Жан Эстер ван Гобсек пожал плечами и, хитро улыбаясь, ответил:

— До чего глупа молодёжь! Извольте знать, господин стряпчий, и запомните хорошенько, чтоб вас не провели при случае, — ежели человеку меньше тридцати, то его честность и дарования ещё могут служить в некотором роде обеспечением ссуды. А после тридцати уже ни на кого полагаться нельзя.

И он запер за мною дверь.

Три месяца спустя я стал стряпчим, а вскоре после этого мне посчастливилось, сударыня, выиграть тяжбы о возвращении вам вашей недвижимости. Успех этот принёс мне некоторую известность. Хотя мне приходилось выплачивать Гобсеку огромные проценты, я через пять лет уже расквитался с ним полностью. Я женился на Фанни Мальво, которую полюбил всей душой. Сходство нашей с нею участи, трудовая жизнь и успехи ещё укрепили наше взаимное чувство. Умер один из её дядьёв, разбогатевший фермер, и она получила по наследству семьдесят тысяч франков, — это помогло мне расплатиться с Гобсеком. А с тех пор моя жизнь — непрерывное счастье и благополучие. Больше я о себе говорить не буду: счастливый человек — тема нестерпимо скучная. Вернёмся к героям моей истории. Спустя год после покупки конторы я однажды, почти против воли, попал на холостяцкую пирушку. Один из моих приятелей давал обед, проиграв пари молодому франту, светскому льву. Слава господина де Трай, блестящего денди, гремела тогда в салонах…

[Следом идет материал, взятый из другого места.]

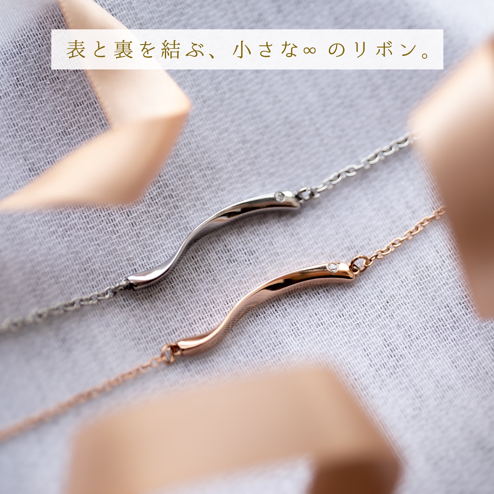 メビウスの帯をモチーフとしたメインパーツに小さなジルコニアを一粒あしらった、ステンレス製のペアブレスレット/アンクレットです。
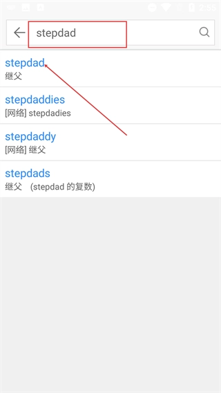 4、在搜索框中输入【stepdad】,就能得到这个单词的含义解释以及像【继父】这类相关变体形式,从而帮助大家学习英语词汇。

— Да и теперь ещё гремит, — заметил граф де Борн, прерывая стряпчего. — Он неподражаемо носит фрак, неподражаемо правит лошадьми, запряжёнными цугом. А как Максим играет в карты, как он кушает и пьёт! Такого изящества манер в целом мире не увидишь. Он знает толк и в скаковых лошадях, и в модных шляпах, и в картинах. Женщины без ума от него. В год он проматывает тысяч сто, однако ж не слыхать, чтобы у него было хоть захудалое поместье или хоть какая-нибудь рента. Это образец странствующего рыцаря нашего времени, — странствует же он по салонам, будуарам, бульварам нашей столицы, это своего рода амфибия, ибо в натуре у него мужских черт столько же, сколько женских. Да, граф Максим де Трай — существо самое странное, на всё пригодное и никуда не годное, субъект, внушающий и страх и презрение, всезнайка и круглый невежда, способный оказать благодеяние и совершить преступление, то подлец, то само благородство, бретёр, больше испачканный грязью, чем запятнанный кровью, человек, которого могут терзать заботы, но не угрызения совести, которого ощущения занимают сильнее, чем мысли, по виду душа страстная и пылкая, а внутренне холодная, как лёд, — блестящее соединительное звено между обитателями каторги и людьми высшего света. Ум у Максима де Трай незаурядный, из таких людей иногда выходят Мирабо, Питты, Ришелье, но чаще всего — графы де Хорн, Фукье-Тенвили и Коньяры.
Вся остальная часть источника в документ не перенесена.